­Two-Stage Hydrothermal Synthesis of TiO₂ Nanotubes with Variations of TiO₂/NaOH Molar Ratio

Abstract

TiO2 nanomaterial is a semiconductor material that exhibits promising photocatalysis activity. TiO2 nanomaterials can be converted into several forms, including TiO2 nanotubes, which have a larger surface area and more applications. In this study, TiO2 nanotubes were synthesized hydrothermally using TiO2 micro powder precursors. The synthesis involved two hydrothermal stages: the first to synthesize TiO2 nanoparticles from TiO2 micro powder precursors, and the second to synthesize TiO2 nanotubes from TiO2 nanoparticle precursors. TiO2 micro powder was added to the synthesis of TiO2 nanoparticles by hydrothermal at mole ratios of TiO2/NaOH of 0.01, 0.025, and 0.04, respectively. The TiO2 nanoparticles obtained exhibit a morphology in the form of short fibers, with particle sizes increasing as the mole ratios are added.

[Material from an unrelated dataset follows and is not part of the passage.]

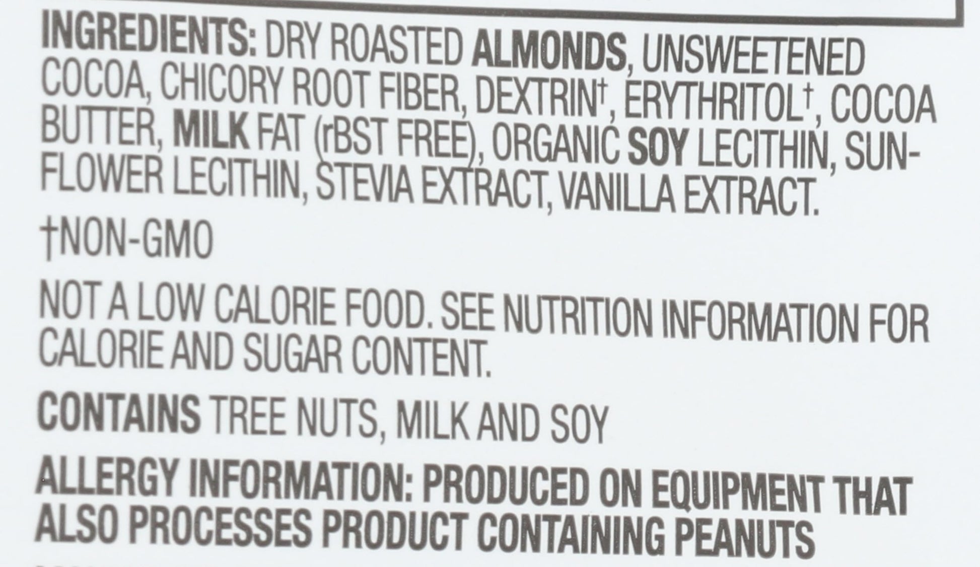 Q: What are the main ingredients in Lily's Sweets Dark Chocolate Covered Almonds?A: Lily's Sweets Dark Chocolate Covered Almonds are made with high-quality ingredients, including 55% cocoa dark chocolate, almonds, and stevia for sweetness. They are also fair trade certified and contain non-GMO ingredients.

Furthermore, they possess an anatase crystal structure at all mole ratios of TiO2/NaOH. Subsequently, the TiO2 nanoparticles are calcined at 450°C. The results of the TiO2 nanoparticle calcination show that the morphology is in the form of short fibers, which are smaller than those of the uncalcinated sample. The calcinated sample also has larger particle sizes and an anatase crystal structure, compared to the uncalcinated sample. The TiO2 nanotubes obtained exhibit an elongated tube morphology with outer diameters ranging from 3.93 to 11.44 nm, inner diameters ranging from 2.5 to 4.25 nm, and a wall thickness of 1.09 to 3.4 nm. The surface area of the TiO2 nanotubes is 256.744 m2/g.